Connect to the database using ore.connect
When the installation is done you can start R with ORE enabled using the ORE wrapper. This wrapper will ensure the ORE packages are 'known' to R, i.e. it points to the installation location of these packages. When not using an .Rprofile file the ORE library must be imported explicitly. Once this is done you can connect to the database using ore.connect provided the database listener is up.
When RStudio is installed as a server on the database OS you can make sure the package library paths used by your 'user' R sessions are the same as those used by embedded R. In a 'real' environment the RStudio server most likely will be installed on a separate server, or the users will use a local RStudio version. This will have implications for systems maintenance which might be a topic for a follow up article.
RStudio server is not an Oracle provided installation so it has to be installed from the RStudio site itself. The installation has to be done under root privileges and you can use the latest RedHat/CentOS rpm.

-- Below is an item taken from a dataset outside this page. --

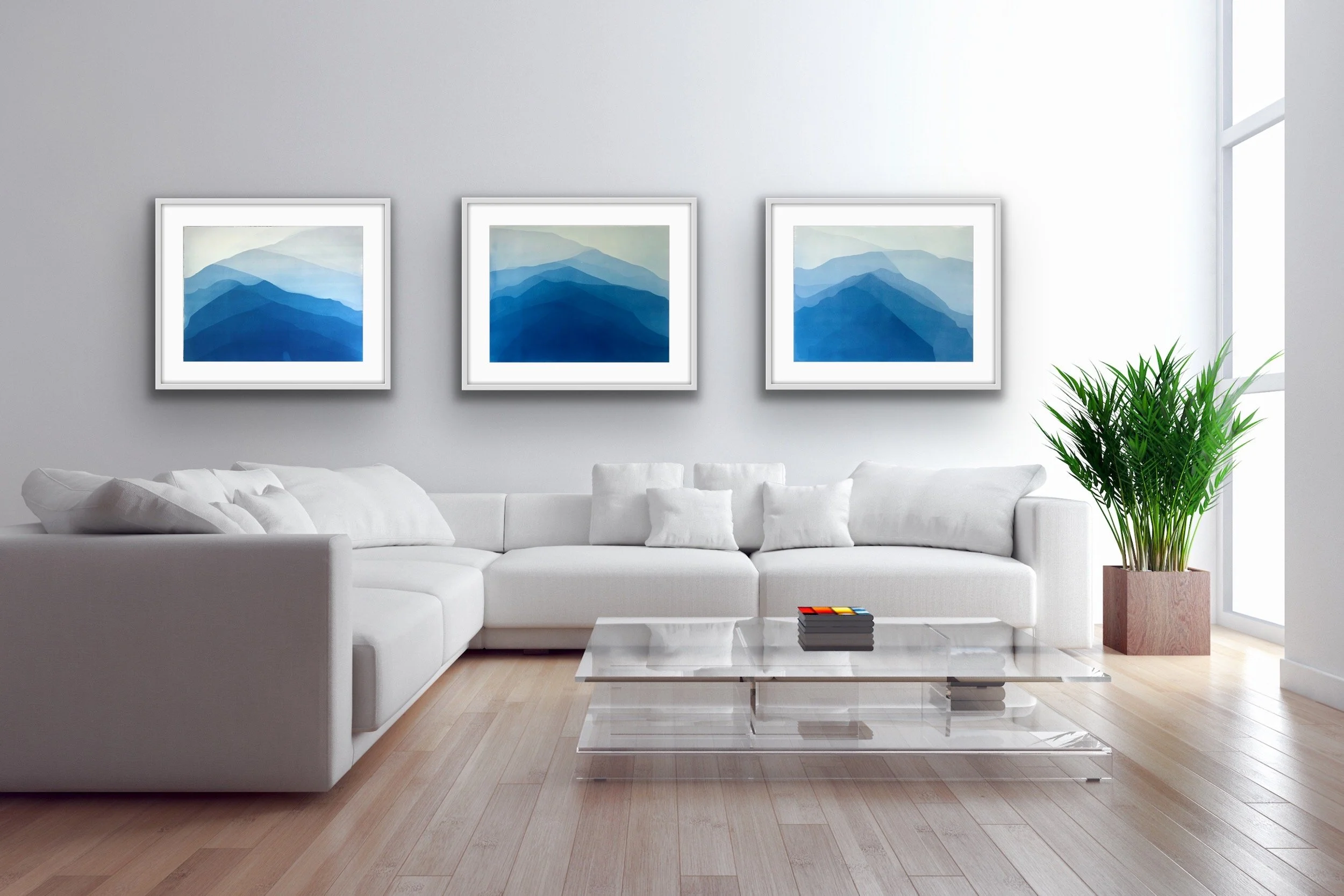 The same size as Blue Hills I and Blue Hills III. Together the three would make a perfect triptych. They would span over 6 feet horizontally if framed in 24 × 24” frames with a 3-inch wide mat.

RStudio will start the available R distribution which, by default, will not be aware of the ORE libraries because they are in a different location. As per documentation you must edit the “/etc/rstudio/rserver.conf” file, but to have the ORE libraries available you should also adjust “/etc/rstudio/rsession.conf”.

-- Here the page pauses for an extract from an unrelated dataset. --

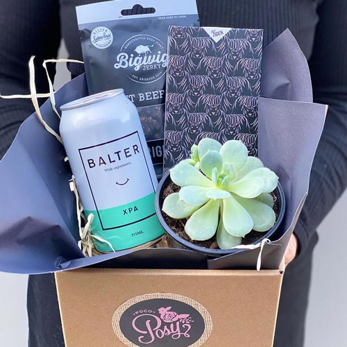 The Brew Posy is a plant, a Furphy Beer, Bigwig Jerky Co jerky, and a BSKT Chocolate all perfectly arranged in a gift box. Enjoy the beverage now and keep the blooms fresher for longer with our top care tips!

An RStudio session is started under an OS account, so the .Renviron and .Rprofile files under the user home directory should be adjusted as well to set the correct ORACLE_HOME and, for convenience, pre-load the ORE packages.
Restarting the RStudio-server and opening RStudio in the browser under the oracle (os) account should now immediately load library (ORE).
The server installation allows for a default database user to be created, in this case RQUSER in the PBD1 container database. It does not grant the required roles and privileges though. This can result in error messages when trying to start embedded R because it requires the RQADMIN role. The installation documentation shows the roles and privileges that need to be granted afterwards to accounts intending to use ORE. The grants as shown in the documentation will not work on a multi-tenant installation as “connect / as sysdba” will connect to the SYS user on the CDB. You might need to restart the R, or RStudio session for these changes to take effect.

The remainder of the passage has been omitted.